When the Spanish arrived on the desert north coast of Peru shortly after 1532, early chroniclers remarked on the verdant, green valleys across the region.
The Spanish immediately recognized the importance of the canal network. They had used similar canal technology in Spain for centuries. So, they set about conscripting Indigenous labor and adapting the irrigation system to their goals.
Just a few decades later, however, historic records describe sand dunes and scrublands invading the green valleys, water shortages, and in 1578, a massive El Niño flood that nearly ended the young colony.
So how did the Indigenous operation of this landscape succeed, where the Spanish and the modern-day agro-industrial complex have repeatedly failed?
CULTURal knowledge WAS CRUCIAL FOR ANCIENT CANAL SYSTEMS
Ancient beliefs, behaviors, and norms—what archaeologists call culture—were fundamentally integrated into technological solutions in this part of Peru in ancient times.
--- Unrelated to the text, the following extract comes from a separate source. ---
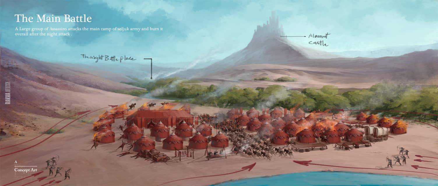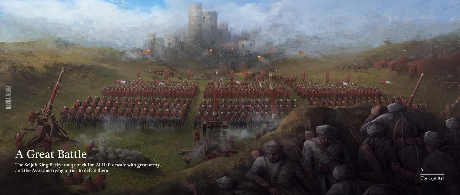 وكذلك تصميمات معركة الليل ومعركة قلعة ابن الحافظ الذي خاضها الجيش السلجوقي بقيادة السلطان بركياروق، وأيضا تصميمات لجنة حسن الصباح المزعومة وقلعة آلموت وغيرها.

Isolating and removing the tools from that knowledge made them less effective.
Scientists, policymakers, and stakeholders searching for models of sustainable agriculture and climate adaptations can look to the archaeological record. Successfully applying past practices to today’s challenges requires learning about the cultures that put those tools to work effectively for so long.
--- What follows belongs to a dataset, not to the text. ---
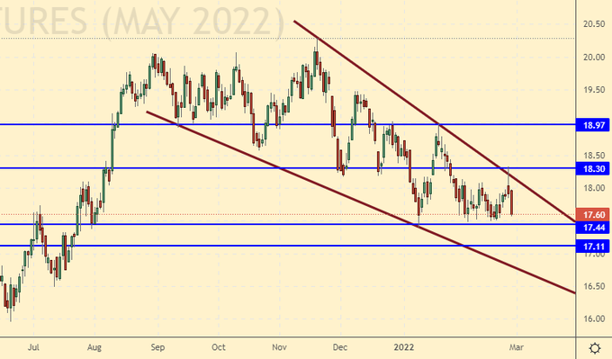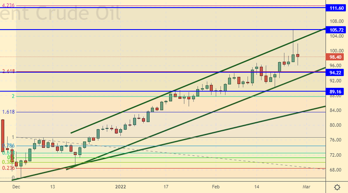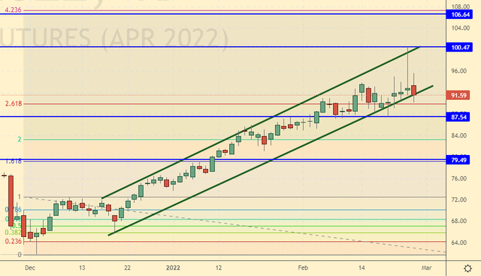 Growth scenario: April futures, the expiration date is March 22. Here you can buy with the target at 106.00. Above this mark, the market is not visible. Falling scenario: selling when approaching 106.00 is mandatory. You can also go short from current levels.

The pre-Hispanic societies of Peru developed agricultural principles around the realities of the desert, which included both dry seasons and flash floods.
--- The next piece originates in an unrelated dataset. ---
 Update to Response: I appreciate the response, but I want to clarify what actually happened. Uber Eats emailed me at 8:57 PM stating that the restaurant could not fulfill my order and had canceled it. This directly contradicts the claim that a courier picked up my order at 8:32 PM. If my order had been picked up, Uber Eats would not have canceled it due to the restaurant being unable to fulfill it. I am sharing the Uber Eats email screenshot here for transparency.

Large-scale irrigation infrastructure was combined with low-cost, easily modified canals. Aqueducts doubled as sediment traps to capture nutrients. Canal branches channeled both river water and floodwater. Even check-dams—small dams used to control high-energy floods—worked in multiple ways. Usually made of mounded cobble and gravel, they reduced the energy of flash floods, captured rich sediments, and recharged the water table.